How to survive to German praising methodology

I had a couple of German friends and this is what I learnt from them. 

If you want to praise someone, you would say:

  • you are not terrible” instead of “you are really great
  • you are a little bit nice” instead of “you are super nice
  • yeah, not bad” instead of “wow! cool!

I learnt they are not willing to expose too much. Uncertainty is always there with “probablymaybe, sometimes“. Shrinking is almost a rule: “a little bit, not so much, tiny“. They will complain with you straight away, they will hardly compliment with you.

I wondered myself why this kind of communication.

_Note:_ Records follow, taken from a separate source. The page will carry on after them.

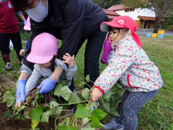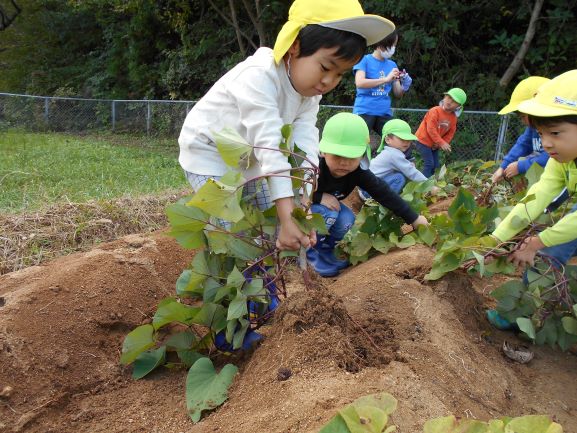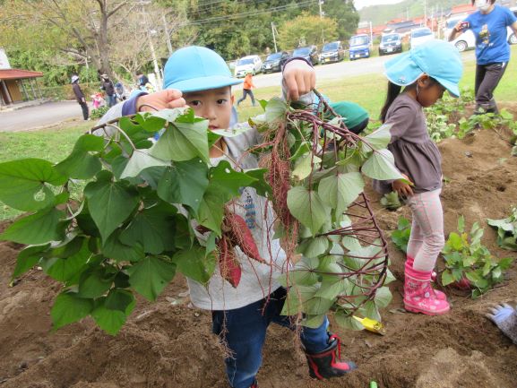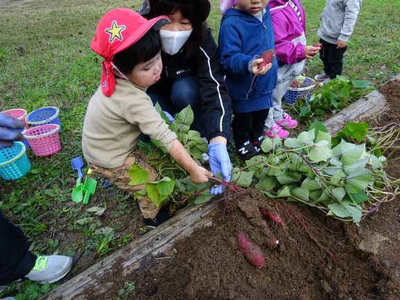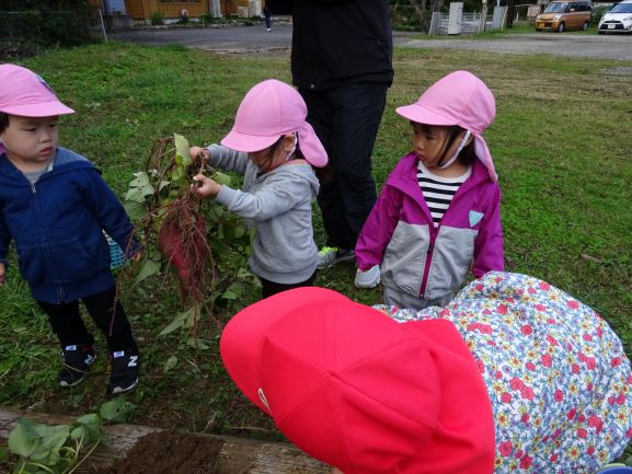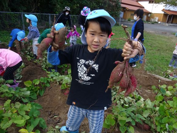 今年は、コロナウイルス感染症防止のため地域講師さんと一緒にお芋掘りができず残念でしたが、6月に苗を植え「おおきくなってね」と楽しみにしていた子どもたちは、「よいしょ、よいしょ」と力いっぱいお芋のつるを引っ張っていました。大きいお芋に「うわ~」と驚いたり、小さいお芋を見つけて「かわいい」と喜んだりして、お芋ほりを楽しむことができました。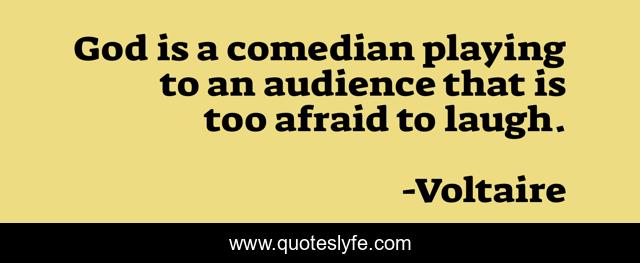 This page presents the quote "God is a comedian playing to an audience that is too afraid to laugh.". Author of this quote is Voltaire. This quote is about god, voltaire,.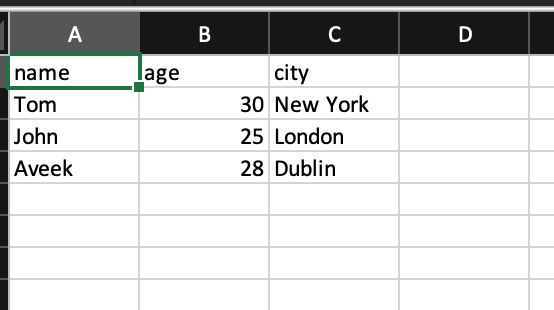 Now that we have some idea about what an API is and how it works, let us try to get our hands dirty by creating one using Flask and then test it using Postman. For the sake of simplicity, we are going to read and write data to a CSV file that contains information about users. The structure of the CSV file is as below.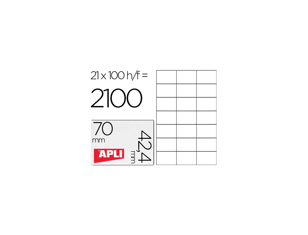 Etiqueta adhesiva apli 1276 tamaño 70x42,4 mm para fotocopiadora laser ink-jet caja con 100 hojas din a4

Then I learnt some of them are afraid of getting a “no“, of being rejected. Be careful, they are no angels. They are willing to tell you “no” and to reject you so easily. Sometimes in a soft way, sometimes in a rude way.

Ask them to go out and they will tell you they have to clean their apartment. Then you’ll propose a different day, then they’ll say they have to go to the gym. Try re-scheduling and they will say they are busy, you know grandma’s birthday. So even if they like you and they are interested in you, they really don’t have time or they don’t want to find time for you. You’ll get used to the answer: “sorry, I don’t have time“. Please do not dare to reschedule, just move on.

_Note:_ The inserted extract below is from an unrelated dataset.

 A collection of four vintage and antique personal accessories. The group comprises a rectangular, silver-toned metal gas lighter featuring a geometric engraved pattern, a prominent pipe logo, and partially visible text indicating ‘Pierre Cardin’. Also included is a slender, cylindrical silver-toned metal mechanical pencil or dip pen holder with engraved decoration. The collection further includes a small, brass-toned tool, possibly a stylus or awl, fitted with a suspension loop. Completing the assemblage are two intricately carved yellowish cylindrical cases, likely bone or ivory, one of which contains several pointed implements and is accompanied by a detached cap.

Do not conform yourself to this praising standard. Understand it and learn how to deal with it, but keep in mind the way you are, what you want and continue being yourself.

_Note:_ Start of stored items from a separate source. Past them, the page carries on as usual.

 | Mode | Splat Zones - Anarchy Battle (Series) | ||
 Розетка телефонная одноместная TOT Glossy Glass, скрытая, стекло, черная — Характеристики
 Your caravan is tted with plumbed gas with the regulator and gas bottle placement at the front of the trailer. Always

Run away from people not willing to spend time with you. Run away from people so sensitive and terrified of rejection but showing you they don’t give a cent about your feelings.

This is dedicated to the ones willing to move to Germany. This is dedicated to myself.

World population counts almost 8 billion, so you don’t have to have German friends.

Sea is full of fishes” – according to an Italian saying.